Wurtzite-like, wurtzite boron nitride has recently announced as a material harder than diamond. Such "recentness" is explained by the fact that it is relatively rare in nature, and these comparisons have practically not been made earlier.
Boron nitride is a thermally and chemically resistant refractory compound of boron and nitrogen with the following crystal structures:
- BNw (wurtzite structure),
- BNcub (cubic BN), softer than diamond, but its thermal and chemical resistance is higher, used as an abrasive;
- BNhex (hexagonal BN), the most stable and mild among the BN polymorphs, is used as a lubricant and additive in cosmetic products;
- rhombohedral.
The BNw structure is metastable under any conditions. BNw (wurtzite structure, also known as g-BN) was first synthesized in 1963. As a rule,
BN crystals with the symmetry of wurtzite (wurtzite boron nitride powder) are very small (fractions of a micron), highly defective, and contain other phases. In other words, it is practically impossible to measure the strength of these crystals and compare them with diamond: this material is rare in nature, and, according to my data, it has not yet been possible to synthesize a crystal suitable for measuring hardness.
At the same time, another material related to wurtzite boron nitride, cubic boron nitride, is the second hardest material after diamond, with a fracture force of about 50 GPa; despite the fact that for diamond it is 70–150 GPa.

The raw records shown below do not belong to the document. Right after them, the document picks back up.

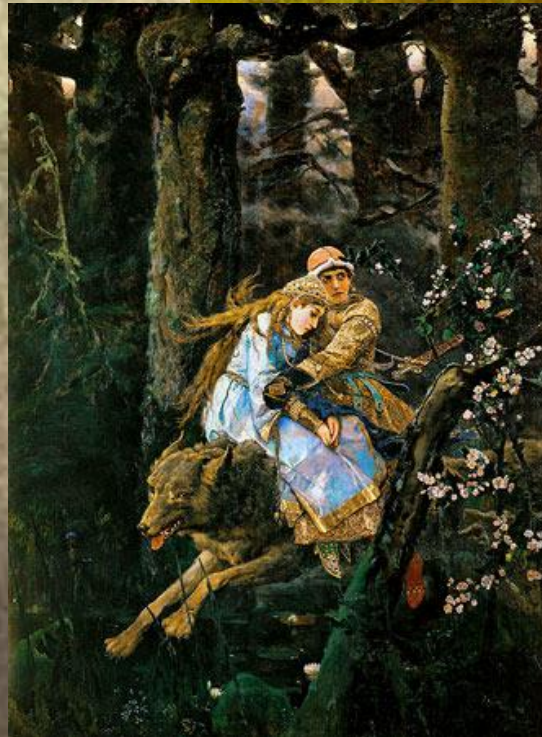
Иван царевич на сером волке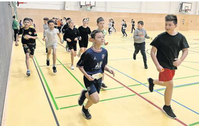
Jeder gab sein Bestes beim UNICEF-Lauf in der Veranstaltungssporthalle.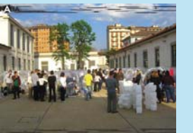
ミラノ新美術アカデミー (イタリア・ミラノ)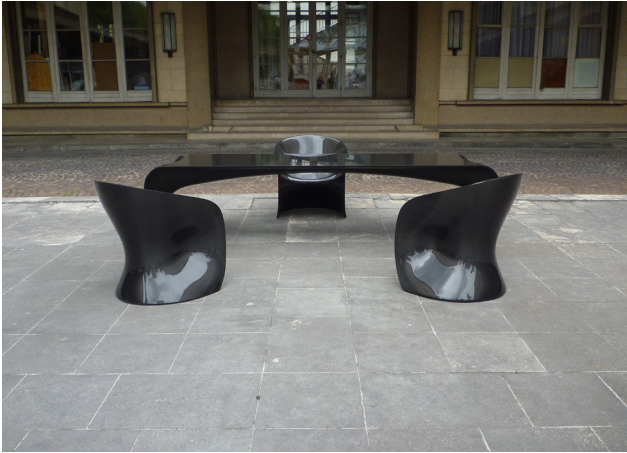
Christian Ghion Bureau et fauteuils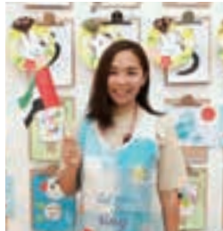
子ども達が作った作品を背景に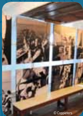
De Mercator kreeg een totaal nieuwe museale invulling.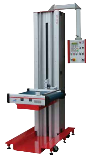
MTF Multi-Tech Lift ML 500-500 | ML 1.000-500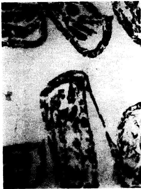
<그림 12> 圖 11의 부분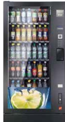
Robimat XM, configuration classique avec 5 plateaux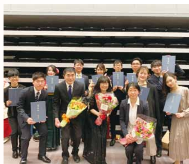
2020年度卒業式 (2021年3月26日)

外 国語学部の学位記授与式は、大阪大学全体の卒業式が大阪城ホールで開かれた後、その近くのIMPホールで開催された。卒業式が無事開催され、教員もほっとしたとともに、卒業生にとつても、やはり感染症との関係で式典関係の開催が難しい中で、卒業式に参加できたということで特別な思い出となったのではないだろうか。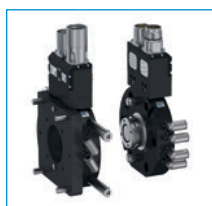
Unité de changement pour robot

However, wurtzite boron nitride and cubic boron nitride have the same wavelength and elastic moduli, which suggests that they can exhibit the same hardness as well. In fact, this "opportunity" is of no value, since it is impossible to apply it in practice due to the size of the wurtzite boron nitride crystal. In other words, it is impossible to make an abrasive wheel or paste suitable for anything other than fine polishing, the breadth of which, although significant (eg in optics), is rather limited compared to sharpening and grinding.
However, wurtzite-like boron nitride is a promising wide-gap group III-V material for modern electronic devices because it has many properties superior to gallium nitride (GaN) and aluminum nitride (AlN), such as higher thermal conductivity and greater spontaneous polarization.